ABOUT THIS TASK
Set down the whole listing below exactly, without pictures.

PROVIDED DATA
§ §

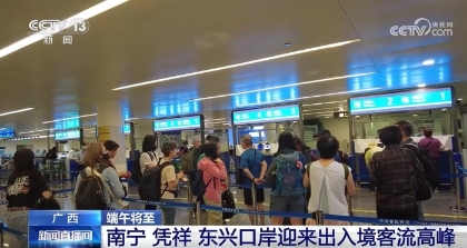 友誼關(guān)出入境邊防檢查站執(zhí)勤二隊隊長 史波:端午假期期間,友誼關(guān)口岸日均查驗出入境旅客預(yù)計將超過8000人次。對此,我們提前發(fā)布流量高峰預(yù)判信息,并根據(jù)口岸實時流量靈活調(diào)配警力,適時啟動中越聯(lián)動驗放機制,全力保障口岸通關(guān)各流程順暢、高效。
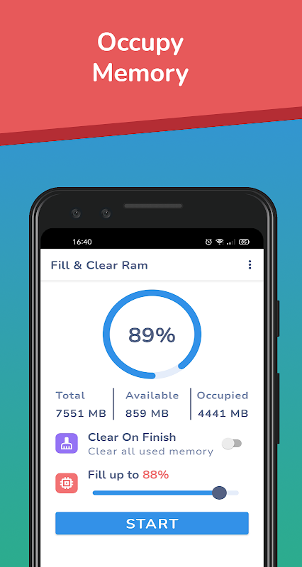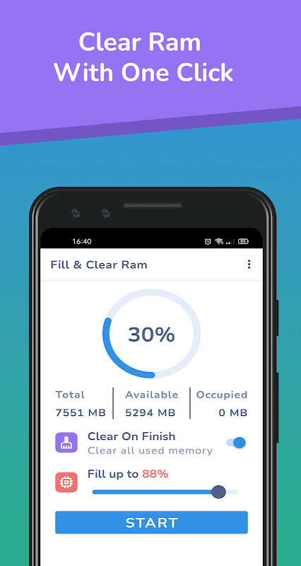 Fill RAM memory, clear RAM with one click, improve and test performance
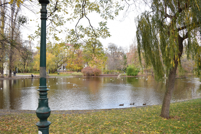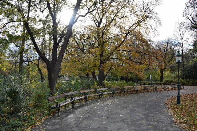 公園内は落ち葉が沢山。カラカラカラ~と風に舞う落ち葉。季節の中で秋が一番大好き。ウィーンの秋の中に今いるなんて、幸せ。本当に幸せ。
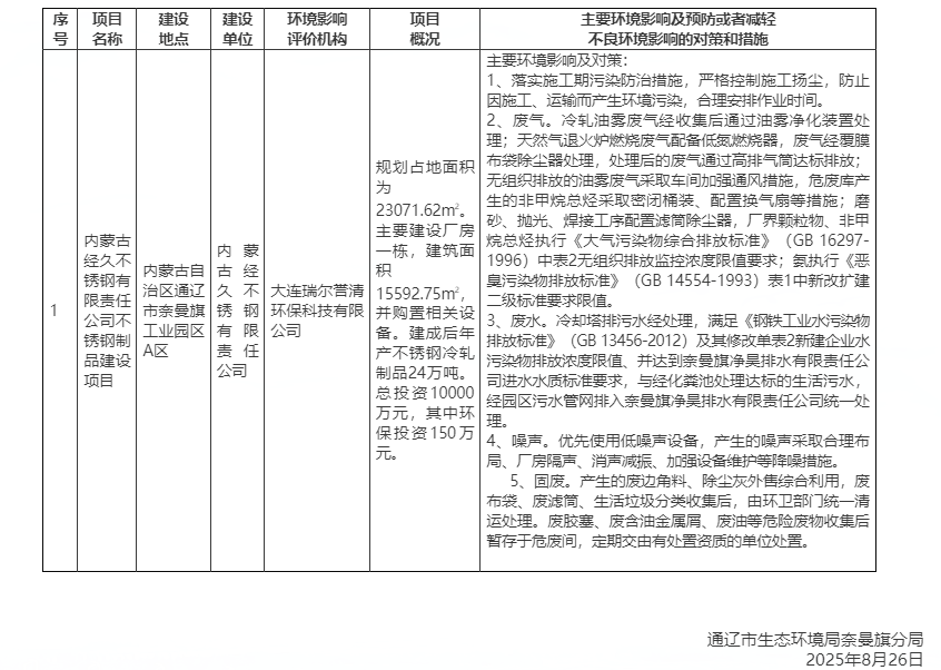 8月26日,通遼市生態(tài)環(huán)境局奈曼旗分局發(fā)布了《關(guān)于內(nèi)蒙古經(jīng)久不銹鋼有限責(zé)任公司不銹鋼制品建設(shè)項(xiàng)目(報(bào)告表)擬審批公示》。

§ §

OUTPUT FOR THIS EXERCISE
 友誼關(guān)出入境邊防檢查站執(zhí)勤二隊隊長 史波:端午假期期間,友誼關(guān)口岸日均查驗出入境旅客預(yù)計將超過8000人次。對此,我們提前發(fā)布流量高峰預(yù)判信息,并根據(jù)口岸實時流量靈活調(diào)配警力,適時啟動中越聯(lián)動驗放機制,全力保障口岸通關(guān)各流程順暢、高效。
 Fill RAM memory, clear RAM with one click, improve and test performance
 公園内は落ち葉が沢山。カラカラカラ~と風に舞う落ち葉。季節の中で秋が一番大好き。ウィーンの秋の中に今いるなんて、幸せ。本当に幸せ。
 8月26日,通遼市生態(tài)環(huán)境局奈曼旗分局發(fā)布了《關(guān)于內(nèi)蒙古經(jīng)久不銹鋼有限責(zé)任公司不銹鋼制品建設(shè)項(xiàng)目(報(bào)告表)擬審批公示》。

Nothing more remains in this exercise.